◆ What the exercise asks ◆
Below are the entries to work from; restate word for word the portion that opens with the line containing "Pot pričnete pri" and closes with the line containing "Σχετιζόμενοι όροι:  Παπαντωνίου, Πολέμης, Παλαμάς, Βηλαράς", keeping both.

◆ Available data ◆
◇ ◇ ◇ ◇

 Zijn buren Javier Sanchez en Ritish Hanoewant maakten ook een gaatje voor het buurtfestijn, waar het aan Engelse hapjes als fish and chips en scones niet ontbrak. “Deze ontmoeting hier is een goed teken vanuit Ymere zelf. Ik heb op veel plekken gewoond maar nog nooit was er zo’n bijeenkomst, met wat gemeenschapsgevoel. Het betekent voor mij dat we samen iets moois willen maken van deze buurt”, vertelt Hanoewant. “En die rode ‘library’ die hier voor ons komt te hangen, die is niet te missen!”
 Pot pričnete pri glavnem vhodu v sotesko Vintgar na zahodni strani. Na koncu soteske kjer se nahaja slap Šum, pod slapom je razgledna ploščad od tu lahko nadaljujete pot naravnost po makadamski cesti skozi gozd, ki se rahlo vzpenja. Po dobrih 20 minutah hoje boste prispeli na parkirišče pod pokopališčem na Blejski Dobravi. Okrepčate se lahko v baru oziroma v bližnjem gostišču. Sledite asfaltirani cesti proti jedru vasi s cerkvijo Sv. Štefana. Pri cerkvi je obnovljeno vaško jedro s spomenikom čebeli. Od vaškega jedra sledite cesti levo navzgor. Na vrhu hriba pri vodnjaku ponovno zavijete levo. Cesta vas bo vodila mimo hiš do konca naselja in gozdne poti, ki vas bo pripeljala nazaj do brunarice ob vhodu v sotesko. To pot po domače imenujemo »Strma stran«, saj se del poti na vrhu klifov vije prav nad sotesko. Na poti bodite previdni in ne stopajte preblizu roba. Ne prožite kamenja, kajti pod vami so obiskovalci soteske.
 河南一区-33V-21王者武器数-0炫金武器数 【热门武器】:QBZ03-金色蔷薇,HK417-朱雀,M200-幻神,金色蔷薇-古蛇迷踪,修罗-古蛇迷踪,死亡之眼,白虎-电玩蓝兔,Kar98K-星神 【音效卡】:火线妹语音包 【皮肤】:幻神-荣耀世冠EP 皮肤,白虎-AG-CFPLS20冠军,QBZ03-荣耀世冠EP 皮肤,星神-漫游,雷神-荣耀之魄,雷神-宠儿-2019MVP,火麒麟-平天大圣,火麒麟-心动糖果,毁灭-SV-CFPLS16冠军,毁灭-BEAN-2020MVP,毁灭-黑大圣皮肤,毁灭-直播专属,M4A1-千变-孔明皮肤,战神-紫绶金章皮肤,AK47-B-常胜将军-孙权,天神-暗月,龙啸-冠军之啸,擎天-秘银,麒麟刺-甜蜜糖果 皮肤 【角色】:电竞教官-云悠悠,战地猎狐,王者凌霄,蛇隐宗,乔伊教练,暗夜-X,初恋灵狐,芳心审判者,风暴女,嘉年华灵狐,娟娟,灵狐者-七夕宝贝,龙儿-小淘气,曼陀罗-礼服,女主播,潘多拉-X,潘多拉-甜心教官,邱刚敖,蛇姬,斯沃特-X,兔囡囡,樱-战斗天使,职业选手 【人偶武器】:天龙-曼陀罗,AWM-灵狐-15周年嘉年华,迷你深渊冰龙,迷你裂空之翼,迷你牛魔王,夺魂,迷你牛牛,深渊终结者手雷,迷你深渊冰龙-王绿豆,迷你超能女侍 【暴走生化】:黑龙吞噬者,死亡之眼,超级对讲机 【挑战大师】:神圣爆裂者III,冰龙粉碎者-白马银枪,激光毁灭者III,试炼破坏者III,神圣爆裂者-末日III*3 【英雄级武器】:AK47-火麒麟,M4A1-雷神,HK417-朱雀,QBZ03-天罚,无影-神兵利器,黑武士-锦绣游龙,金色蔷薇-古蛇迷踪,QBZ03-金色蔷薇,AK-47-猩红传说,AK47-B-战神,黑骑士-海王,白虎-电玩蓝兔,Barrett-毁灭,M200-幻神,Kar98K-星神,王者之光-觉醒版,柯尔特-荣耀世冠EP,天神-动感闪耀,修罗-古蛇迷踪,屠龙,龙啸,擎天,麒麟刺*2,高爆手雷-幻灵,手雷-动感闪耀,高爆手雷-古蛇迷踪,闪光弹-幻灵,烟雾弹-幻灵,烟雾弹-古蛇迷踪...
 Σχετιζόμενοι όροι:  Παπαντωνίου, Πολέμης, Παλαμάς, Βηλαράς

◇ ◇ ◇ ◇

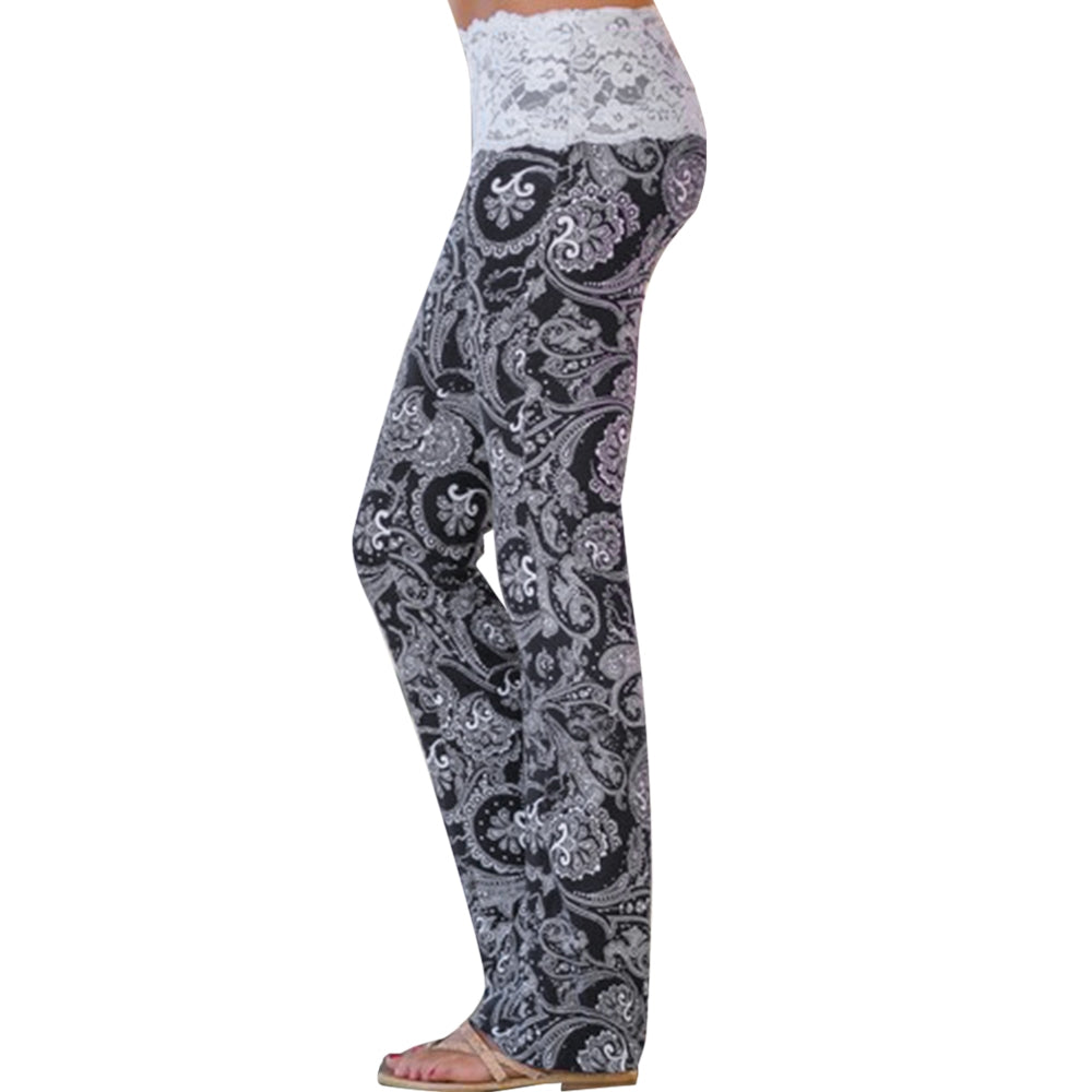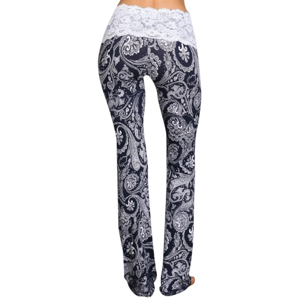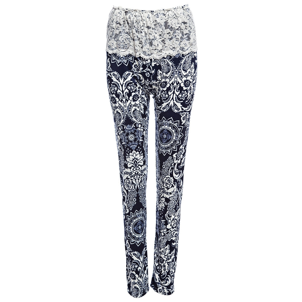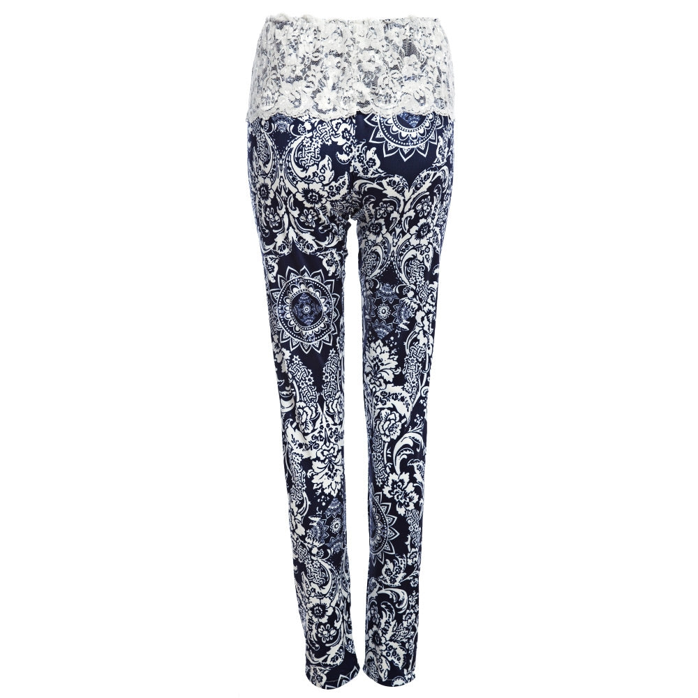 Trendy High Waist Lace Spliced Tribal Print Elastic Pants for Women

◇ ◇ ◇ ◇

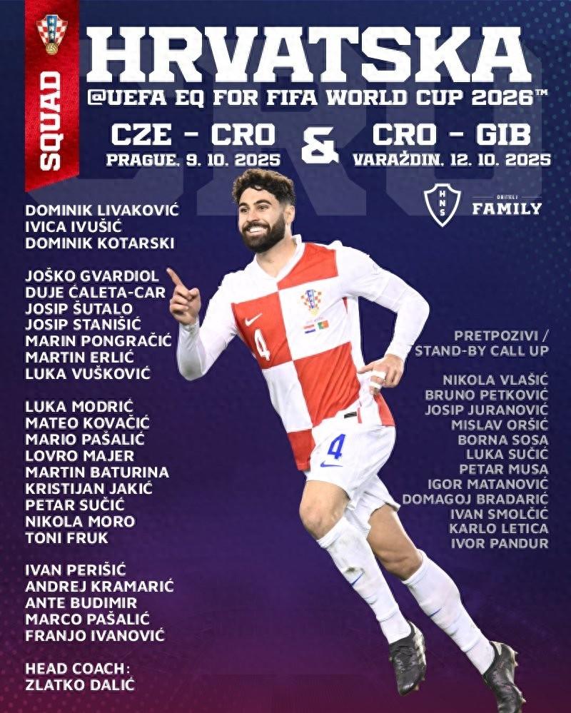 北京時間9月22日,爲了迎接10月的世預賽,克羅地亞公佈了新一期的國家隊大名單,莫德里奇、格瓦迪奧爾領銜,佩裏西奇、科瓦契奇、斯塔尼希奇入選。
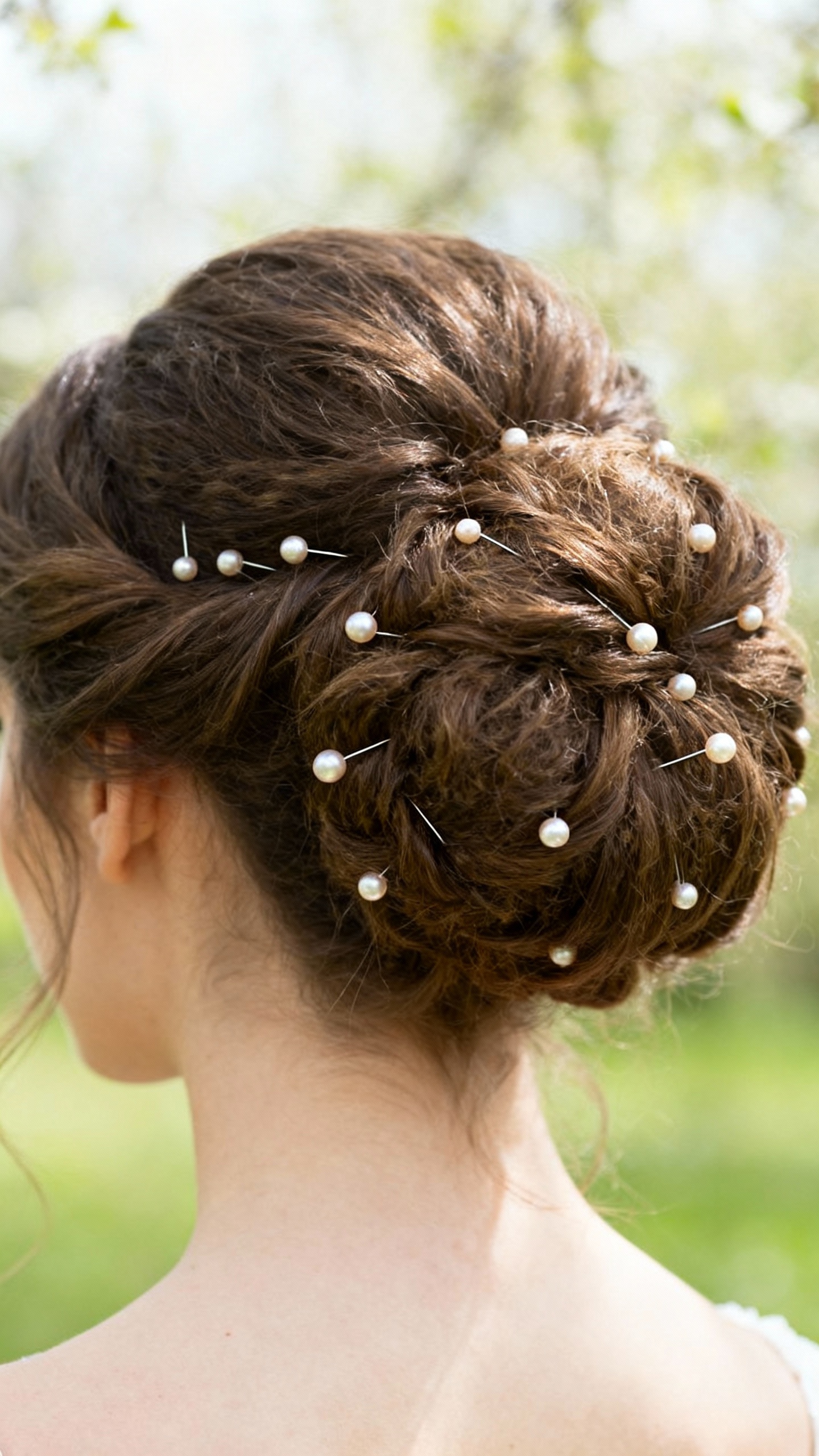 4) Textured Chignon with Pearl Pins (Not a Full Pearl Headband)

◇ ◇ ◇ ◇

◆ Exercise answer ◆
 Pot pričnete pri glavnem vhodu v sotesko Vintgar na zahodni strani. Na koncu soteske kjer se nahaja slap Šum, pod slapom je razgledna ploščad od tu lahko nadaljujete pot naravnost po makadamski cesti skozi gozd, ki se rahlo vzpenja. Po dobrih 20 minutah hoje boste prispeli na parkirišče pod pokopališčem na Blejski Dobravi. Okrepčate se lahko v baru oziroma v bližnjem gostišču. Sledite asfaltirani cesti proti jedru vasi s cerkvijo Sv. Štefana. Pri cerkvi je obnovljeno vaško jedro s spomenikom čebeli. Od vaškega jedra sledite cesti levo navzgor. Na vrhu hriba pri vodnjaku ponovno zavijete levo. Cesta vas bo vodila mimo hiš do konca naselja in gozdne poti, ki vas bo pripeljala nazaj do brunarice ob vhodu v sotesko. To pot po domače imenujemo »Strma stran«, saj se del poti na vrhu klifov vije prav nad sotesko. Na poti bodite previdni in ne stopajte preblizu roba. Ne prožite kamenja, kajti pod vami so obiskovalci soteske.
 河南一区-33V-21王者武器数-0炫金武器数 【热门武器】:QBZ03-金色蔷薇,HK417-朱雀,M200-幻神,金色蔷薇-古蛇迷踪,修罗-古蛇迷踪,死亡之眼,白虎-电玩蓝兔,Kar98K-星神 【音效卡】:火线妹语音包 【皮肤】:幻神-荣耀世冠EP 皮肤,白虎-AG-CFPLS20冠军,QBZ03-荣耀世冠EP 皮肤,星神-漫游,雷神-荣耀之魄,雷神-宠儿-2019MVP,火麒麟-平天大圣,火麒麟-心动糖果,毁灭-SV-CFPLS16冠军,毁灭-BEAN-2020MVP,毁灭-黑大圣皮肤,毁灭-直播专属,M4A1-千变-孔明皮肤,战神-紫绶金章皮肤,AK47-B-常胜将军-孙权,天神-暗月,龙啸-冠军之啸,擎天-秘银,麒麟刺-甜蜜糖果 皮肤 【角色】:电竞教官-云悠悠,战地猎狐,王者凌霄,蛇隐宗,乔伊教练,暗夜-X,初恋灵狐,芳心审判者,风暴女,嘉年华灵狐,娟娟,灵狐者-七夕宝贝,龙儿-小淘气,曼陀罗-礼服,女主播,潘多拉-X,潘多拉-甜心教官,邱刚敖,蛇姬,斯沃特-X,兔囡囡,樱-战斗天使,职业选手 【人偶武器】:天龙-曼陀罗,AWM-灵狐-15周年嘉年华,迷你深渊冰龙,迷你裂空之翼,迷你牛魔王,夺魂,迷你牛牛,深渊终结者手雷,迷你深渊冰龙-王绿豆,迷你超能女侍 【暴走生化】:黑龙吞噬者,死亡之眼,超级对讲机 【挑战大师】:神圣爆裂者III,冰龙粉碎者-白马银枪,激光毁灭者III,试炼破坏者III,神圣爆裂者-末日III*3 【英雄级武器】:AK47-火麒麟,M4A1-雷神,HK417-朱雀,QBZ03-天罚,无影-神兵利器,黑武士-锦绣游龙,金色蔷薇-古蛇迷踪,QBZ03-金色蔷薇,AK-47-猩红传说,AK47-B-战神,黑骑士-海王,白虎-电玩蓝兔,Barrett-毁灭,M200-幻神,Kar98K-星神,王者之光-觉醒版,柯尔特-荣耀世冠EP,天神-动感闪耀,修罗-古蛇迷踪,屠龙,龙啸,擎天,麒麟刺*2,高爆手雷-幻灵,手雷-动感闪耀,高爆手雷-古蛇迷踪,闪光弹-幻灵,烟雾弹-幻灵,烟雾弹-古蛇迷踪...
 Σχετιζόμενοι όροι:  Παπαντωνίου, Πολέμης, Παλαμάς, Βηλαράς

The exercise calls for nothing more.